Imagine walking into your favorite restaurant. You know the staff is going to be kind and friendly. You are anticipating what foods you’re likely to enjoy, and you’re confident that it will be served safe and clean. You leave feeling nourished, pampered, and fulfilled.

Although they differ in many ways from a restaurant, food pantries should aspire to imbue their visitors with the same feelings. How your guests are welcomed impacts how they feel about their entire experience. A clean environment with reliably high-quality options will help clients feel respected and empowered. High standards of food handling and safety contribute to an air of professionalism. Quality foods help avoid the feeling that shoppers are receiving society’s discarded and unwanted options.

Maintaining such high standards is hard for organizations that primarily depend on the labor of volunteers. When there are a million responsibilities to manage, it can be hard to repeat food safety training every day for your team to ensure consistency. Volunteers may be uninterested, not adhere to your standards, or not even understand the value of dedicating this extra level of dignity to your clients.

But by continually pushing for the highest quality of dignity, food safety, and facility maintenance, you ensure that guests feel more comfortable, that your food stays safe, and that you have an operation you can be proud of and where your clients leave feeling taken care of.

Here are my four top tips for adding that extra level of professionalism your food pantry deserves to provide a high-quality food service experience for your community.

1. Keep bad or spoiled food out of sight

No matter what, food pantries regularly receive food that is not appropriate to distribute. Grocery stores may donate items that they can’t bear to throw away even though they are clearly inedible. Produce from the food bank may not last as long as we’d hoped. A donor may throw a whole mess of items together in a box that may be crushed, damaged, or contaminated. Every food pantry must dedicate significant effort to sorting the good options from the bad.

Keeping this process out of sight of clients helps reduce or eliminate the impression that food pantries only receive and distribute cast-off, undesirable foods.

No one wants to feel like they are eating garbage, and clients don’t need to know if your food supply was salvaged from a motley collection of questionable donations. Just like making sausage, witnessing the process may negatively impact how clients feel about the good food they do receive.

2. Keep the pantry clean

One of the most common complaints I hear from clients who visit food pantries is that they’re concerned about the cleanliness of the facility. As organizations that primarily depend on volunteer labor, sometimes it can be hard to maintain the building.

Coordinators may be reluctant to add cleaning responsibilities to the volunteer role when the team is focused on supporting clients. Volunteers may not know how to prioritize these responsibilities or may not have adequate training on how to do it well. Staff may not have the capacity to do it all themselves.
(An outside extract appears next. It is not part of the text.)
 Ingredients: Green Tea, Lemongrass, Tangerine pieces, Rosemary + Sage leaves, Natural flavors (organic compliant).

Consider establishing a daily check list for volunteers and specific, mandatory cleaning procedures.

For example, my food pantry displays produce in gray plastic bins that are washed and sanitized once emptied. Even if there is only one dirty bin at the end of the day, we still require completing the wash/rinse/sanitize process to ensure everything is kept appropriately clean and food safe. Establish which procedures may have short-cuts and which ones are nonnegotiable.
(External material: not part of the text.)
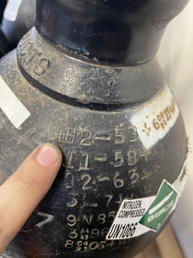 I had a conversation with a local gas distributor one time, and he said for low pressure bottles (C02 was mentioned specifically, but idk about n2) there is no age limit on bottles, they get tested every year, and if they pass the get recertified and kept in circulation. He said the oldest one he saw was from the 1890s
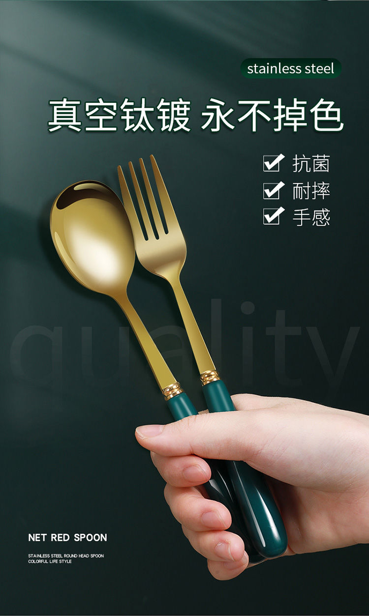 勺子不锈钢304加厚陶瓷柄高颜值网红勺:

3. Apologize for spoiled food

Occasionally, no matter how good your team is, food that really shouldn’t be given away makes it up to the pantry shelves. Particularly in the summer heat, food that was already near the end of its viability may go bad for clients to see. When a client points out that something has spoiled, we immediately grab it and apologize, commenting on how embarrassing it is that it happened.
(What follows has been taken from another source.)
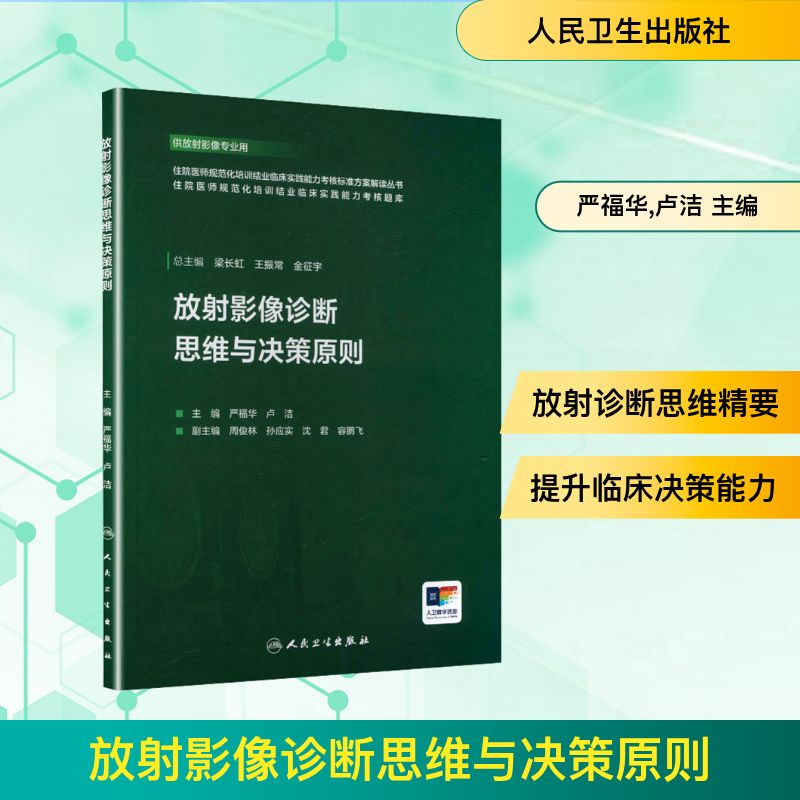 放射影像专业住院医师规范化培训结业临床实践能力考核标准方案解读丛书;放射影像专业临床实践能力考核题库”将由中国医师协会放射科医师分会候任会长梁长虹为第一总主编,中国工程院院士王振常为第二总主编,中华医学会放射学分会前任主任委员金征宇为第三总主编。中国医师协会放射科医师分会常务委员及委员担任分册主编。丛书共分为12个分册,各分册分别对应建立相应的题库(临床阅片实战场景、视频操作和专家视频解读)。内容围绕:放射诊断基本功、放射诊断报告书写、临床思维与决策、实践技能操作和临床医患沟通。其中临床思维与决策是核心问题。本分册通过细分的“影像诊断分析总体原则”“影像诊断思维与方法”“临床实践活动中的临床思维的提升”等多部分内容,对相关问题核心问题进行详细讲解。同时对影像医学规范化培训结业考试涉及的其他问题作概述。病例库内容包括典型病例全套的DICOM图像+病例讲解。

By ensuring our clients know that we recognize that they deserve better, we help them feel respected and dignified. In the same way a restaurant would apologize for serving a faulty meal, we apologize for presenting our clients with poor food options.

4. Thank the people you serve

Food pantry clients need food pantries. We offer an essential resource for people who are struggling to access the food they need to get by. But with the stigma and shame around utilizing food assistance, clients don’t want to be reminded of their dependence on this service. That’s why we always thank our clients for visiting us, and let them know that we’re grateful they came in.

In the same way our clients need us, we need our shoppers- increasing food security makes our entire community stronger and healthier. This simple gesture imbues dignity to the experience and helps avoid any impression of pity or condescension.

Next Post: How to Convince Yourself There’s Enough Food For Everyone.

The opinions expressed here are solely my own and do not express the views or opinions of my employer.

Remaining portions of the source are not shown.